If Your Man Knew What to Say, Here’s What He Might Say If He Knew You Feared His Potential For Violence...
Excerpted from Warren Farrell's Women Can't Hear What Men Don't Say.
(Permission to reprint granted by Warren Farrell.)
See www.warrenfarrell.com
and
www.warrenfarrell.info.
If Men Are Battered More, Why Do They Report It Less?
Item. Men rarely report being battered until their wives have attempted to kill them with a knife or a gun.25
Item. The film is
Love at Large, with Tom Berenger. The TV promo features a woman slugging Tom. The punch knocks him back, but his response is one of gratitude, “[Wow,] that’s the first time we've touched.”
A man is fearful of reporting being battered to the police because a man being hurt provokes laughter....

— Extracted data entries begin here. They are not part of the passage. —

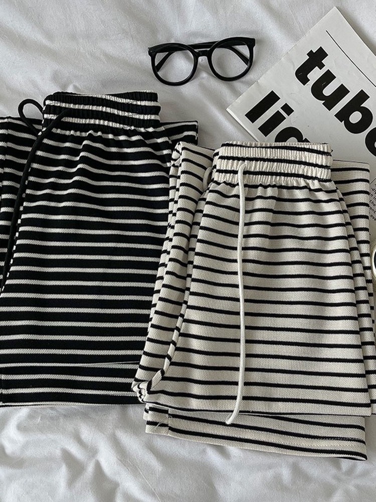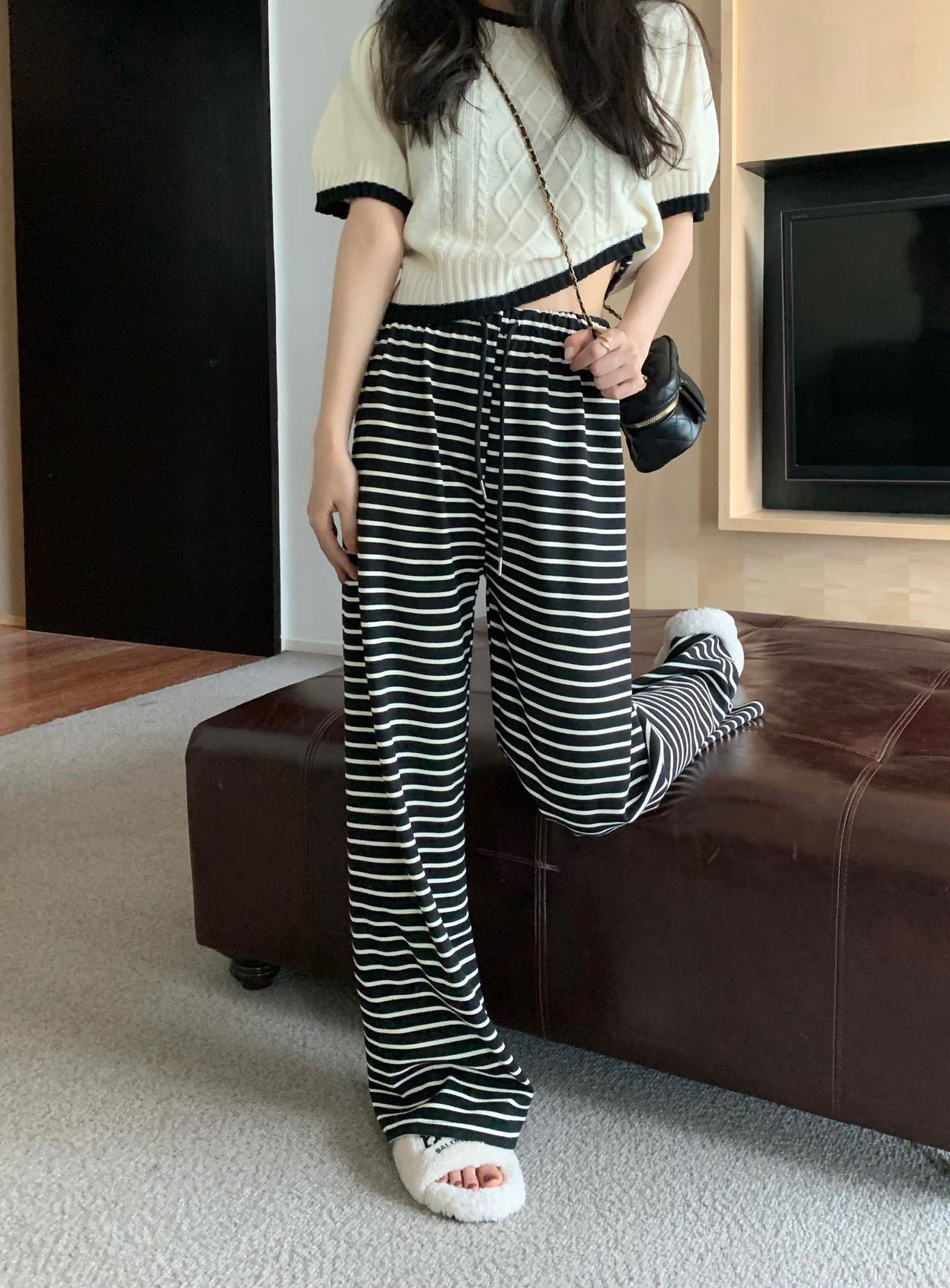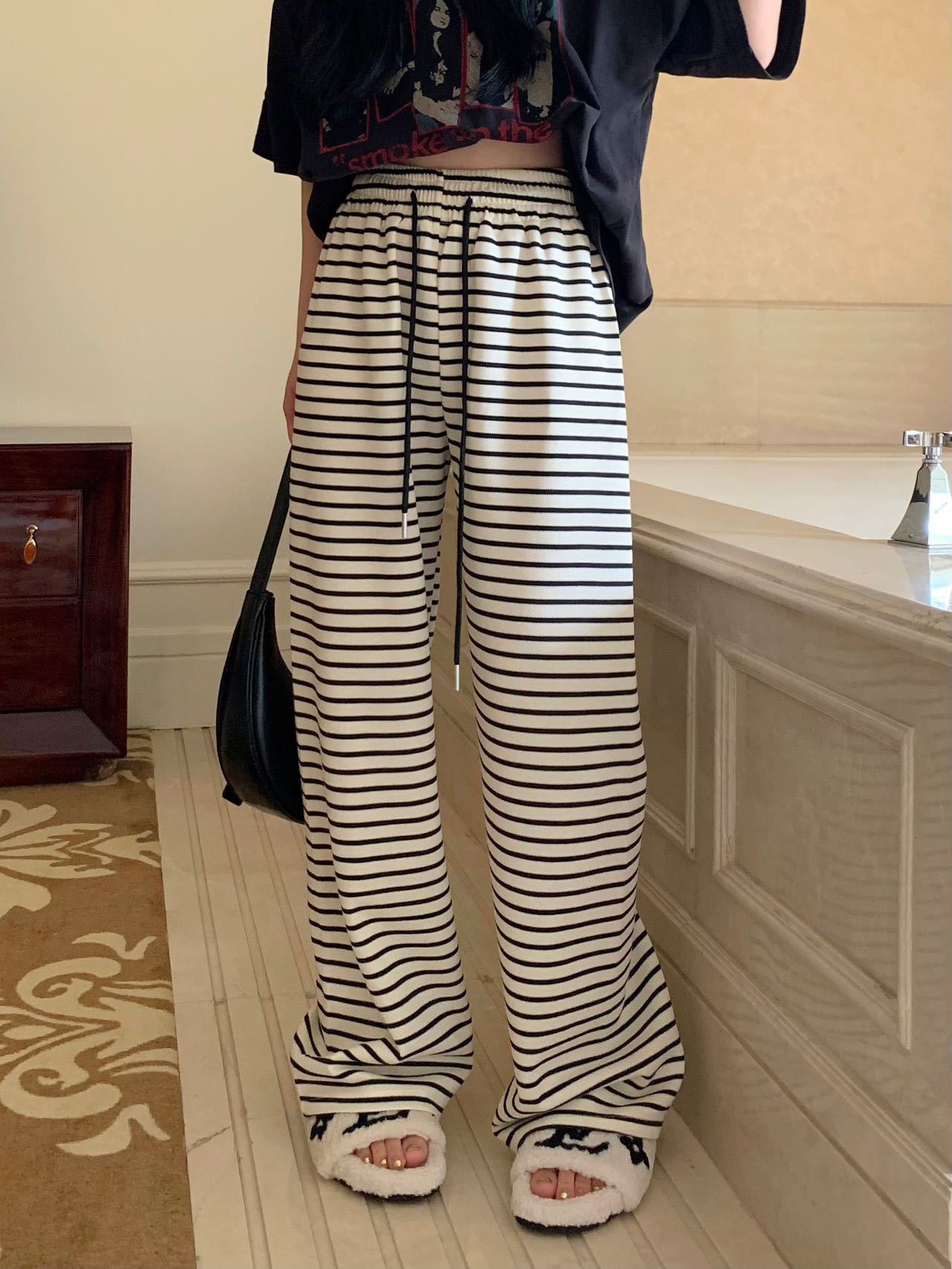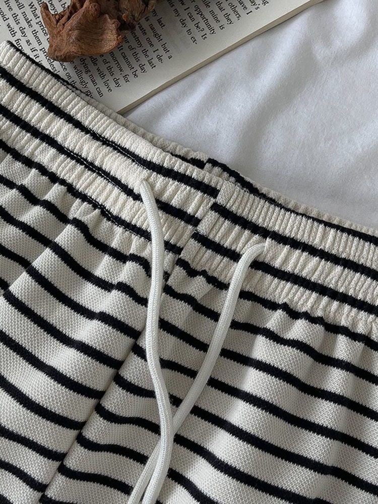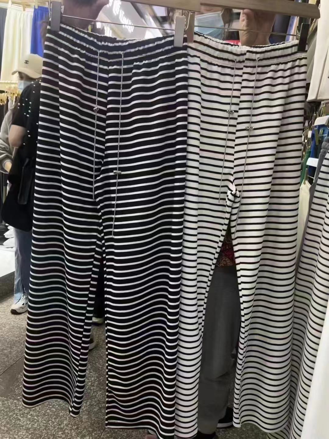 Новые черно-белые легкие эластичные свободные брюки с широкими штанинами в гонконгском стиле в горизонтальную полоску, узкие брюки с драпировкой и высокой талией
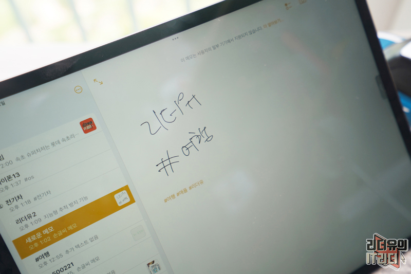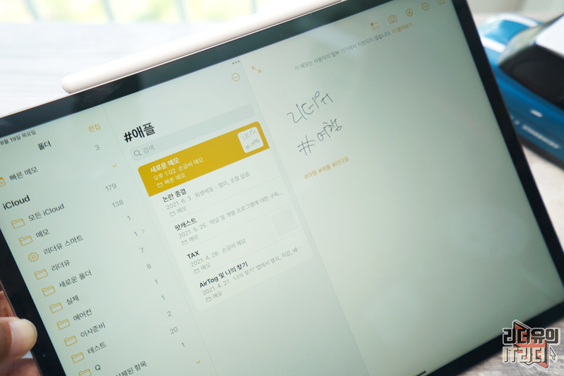 참고로 영어의 경우는 애플펜슬 손글씨로 #하고 영문을 쓰면 태그로 기록이 됩니다. 아직 한글은 지원하지 않고 있는데 한국 유저들도 엄청 많아졌으니 향후 업데이트가 되길 기대해 봐야 겠습니다. 현재 까지는 한글은 키보드로 입력해야 됩니다.
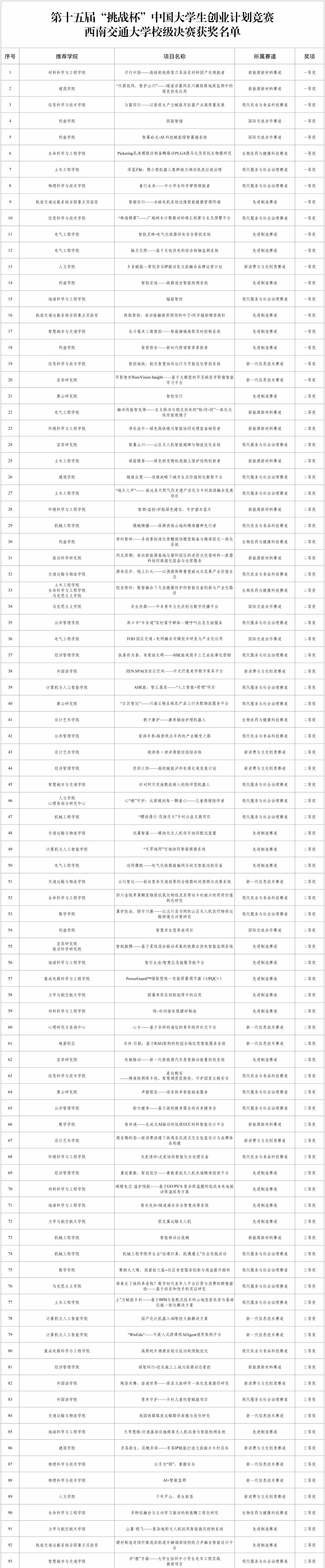 关于第十五届“挑战杯”中国大学生创业计划竞赛西南交通大学校赛获奖名单公示
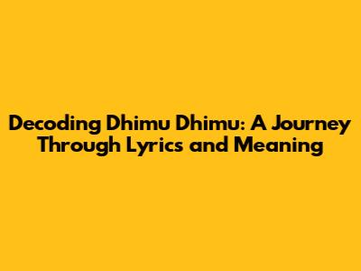 Unpacking The Heart Of 'Dhimu Dhimu': Lyrics, Meaning & Cultural Significance
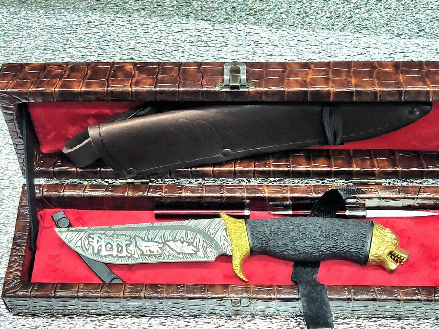 | Дополнительная информация : | Нож с чехлом в подарочном футляре и ручка -нож красная |
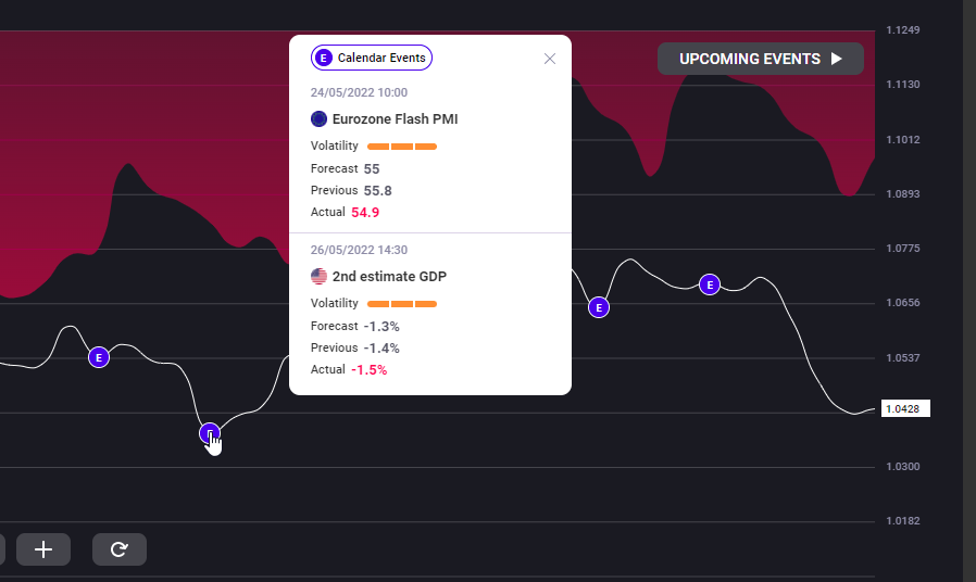 Event Plotting: * Calendar Events: Automatically plots past Earnings (stocks) or High Volatility events (macro) on the chart to visualize historical price reactions.
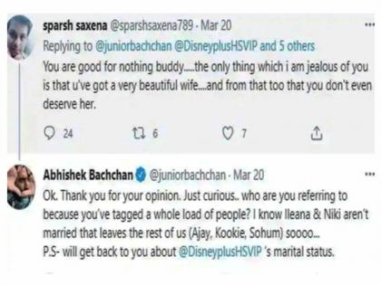 याच उत्तर देताना अभिषेक बच्चनने लिहिले, 'ठीक आहे. आपल्या मताबद्दल धन्यवाद. फक्त हे जाणून घेऊ इच्छित आहे .. आपण कोणाशी बोलत आहात कारण आपण बर्याच लोकांना टॅग केले आहे. मला माहित आहे की इलियाना आणि निक्कीचे लग्न झाले नाही, म्हणून आम्ही (अजय, कुकी, सोहम) वाचलो. PS- मी तुम्हाला डिस्ने स्टेट हॉटस्टार व्हीआयपीच्या मॅरिटलबाबत विचारुन सांगतो. '
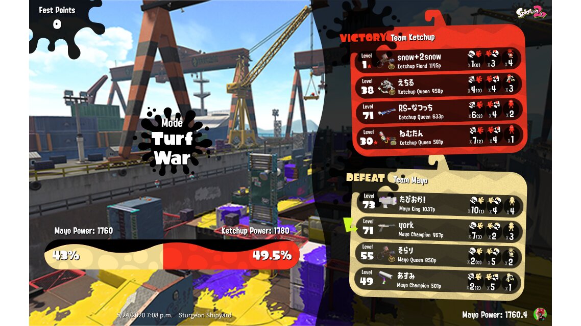 | Splatfest Title | Mayo Champion 928 → Mayo Champion 948 | ||||||||||||||||||||||||||||||||||
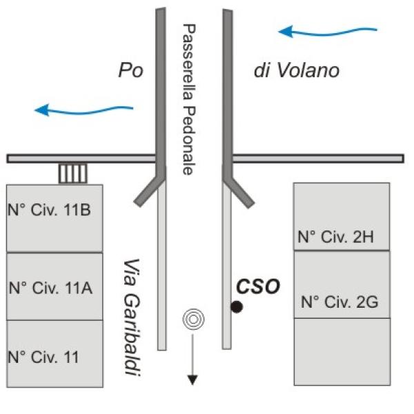 | Contrassegni | [{"simbolo_contrassegno":"B1","materializzazione":"(CSO) – Bullone ARPA infisso sul muro laterale destro della passerella pedonale che attraversa il Po di Volano, di fronte al N\u00b0 Civ. 2\/G (ARPA N\u00b0 000391)."}] |
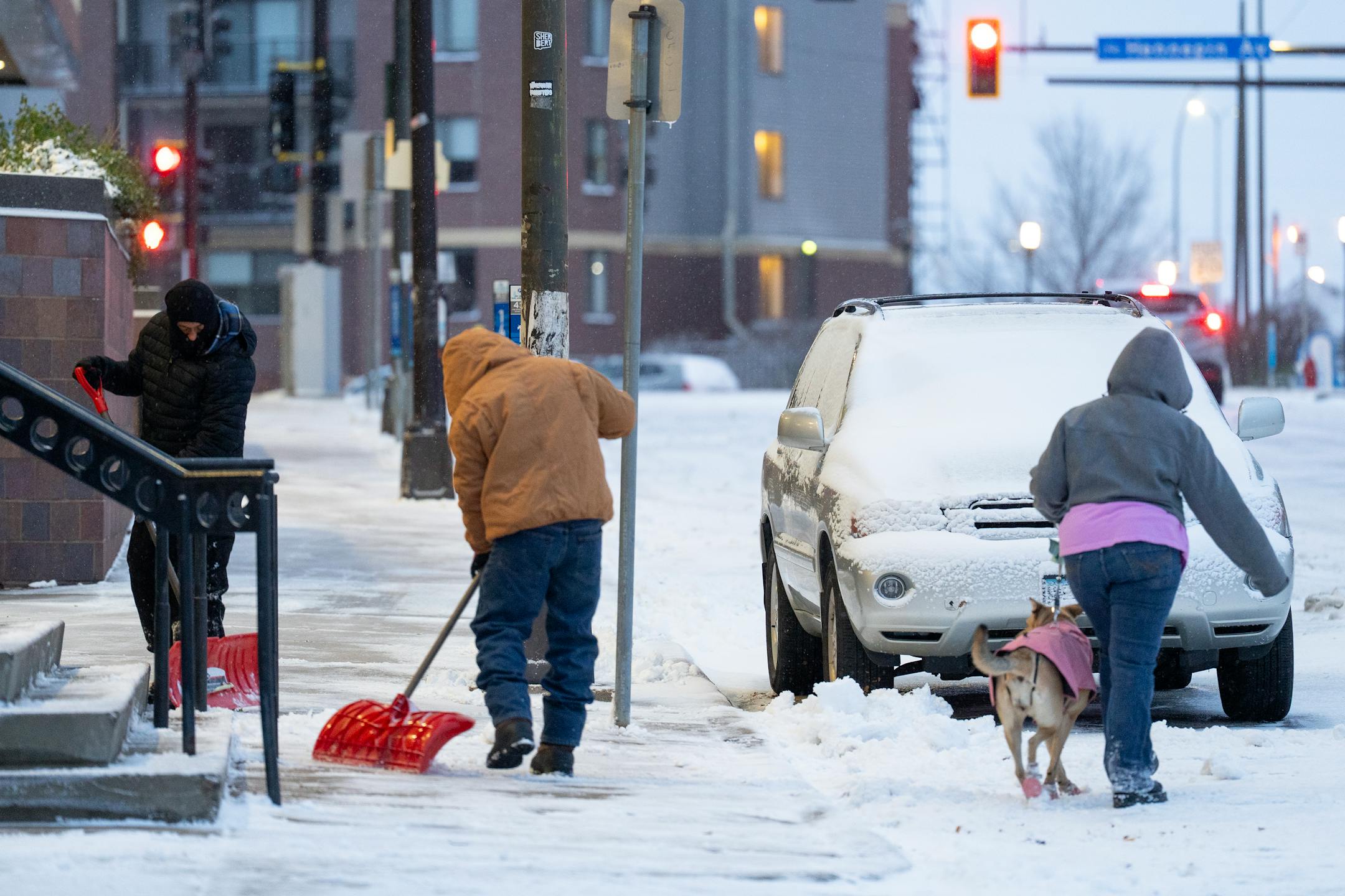 The snow falling across the southern third of Minnesota, including the Twin Cities area, is expected to last throughout Saturday, with heavier accumulations after noon.
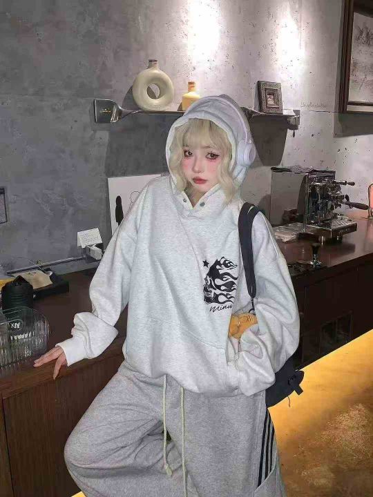 600件左右美式复古休闲套头连帽宽松秋冬连帽加绒卫衣...
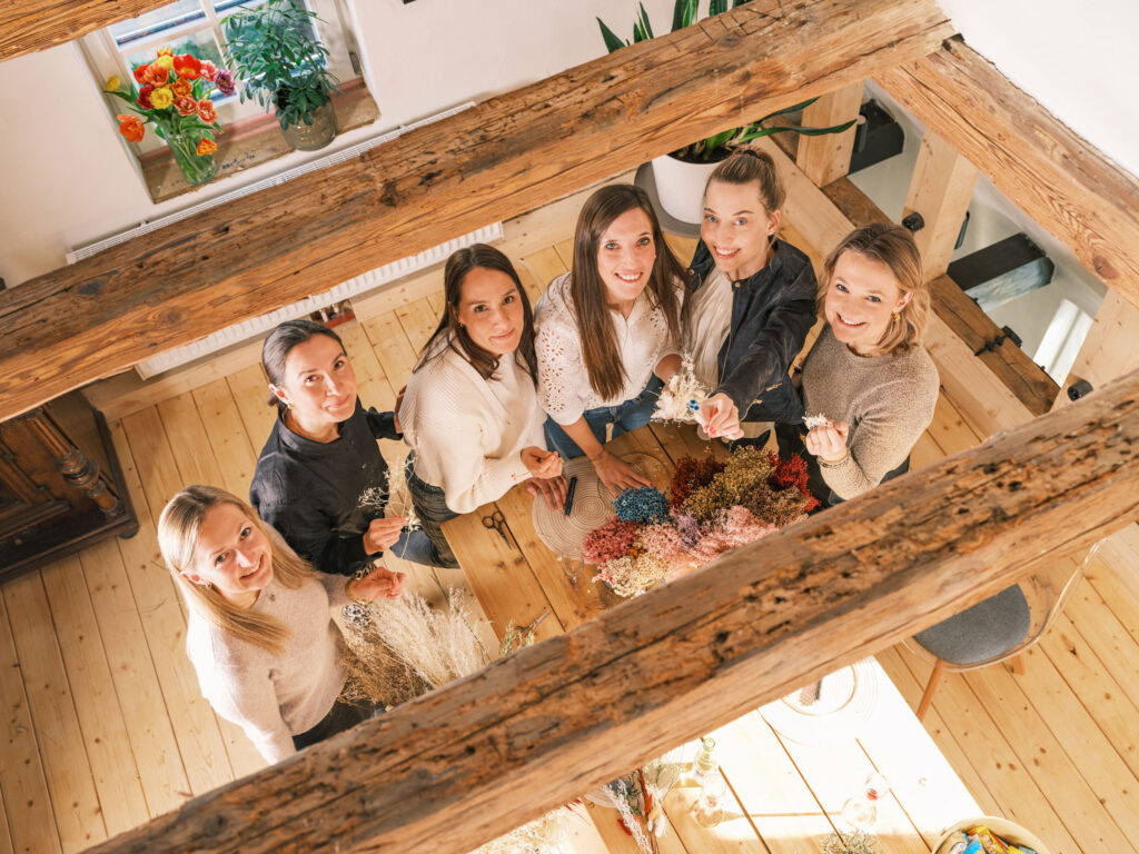 Binde deinen eigenen Trockenblumenkranz auf einem 25 cm Metallring und kreiere ein zeitloses Dekostück für dein Zuhause. Mit hochwertigen Materialien und persönlicher Anleitung entsteht dein individuelles Unikat in natürlichem, modernem Stil.
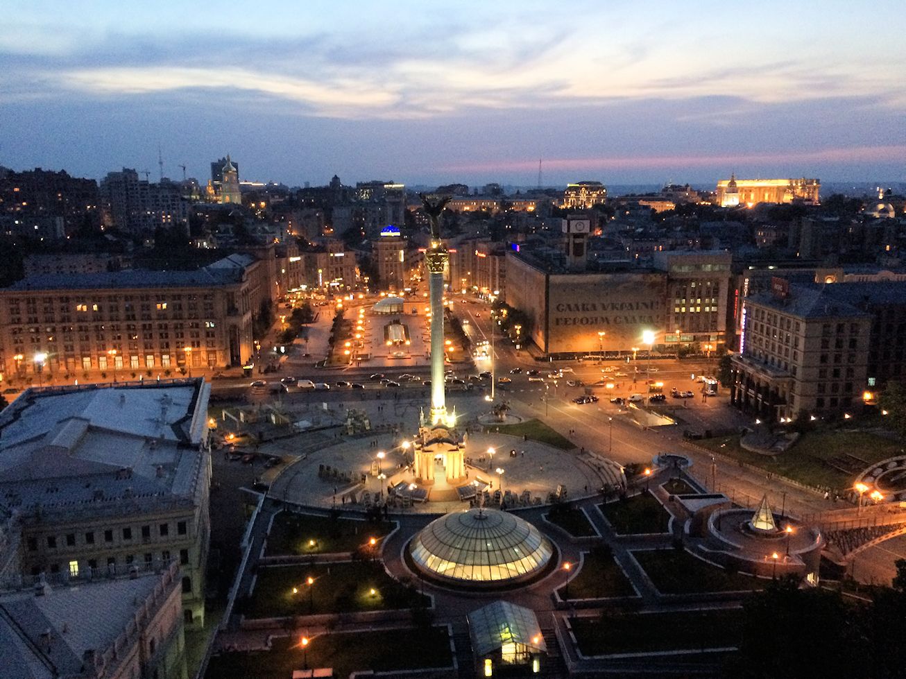 Overlooking Maidan Square in Kyiv (Kiev) from high up in the €45 per night Hotel Ukraine. More photos and map below.

Why does a promo of a man being hurt show the man laughing, or in Berenger’s case, show gratitude, while a promo for a woman being slugged in which a woman was laughing or expressing gratitude to the man for slugging her would provoke outrage? It tickles our funny bone because we love the “weaker” underdog defeating the “stronger” man; because of our anger at men, and in part because of our unconscious understanding of how men reframe abuse and call it love.
25
M. McLeod, “Women Against Men: An Examination of Domestic Violence Based on an Analysis of Official Data And National Victimization Data,” Justice Quarterly, Volume 1, 1984, p. 171-193. As cited in R. L. McNeely and Gloria Robinson-Simpson, “The Truth About Domestic Violence: A Falsely Framed Issue,” Social Work, November/December 1987, p. 485-490.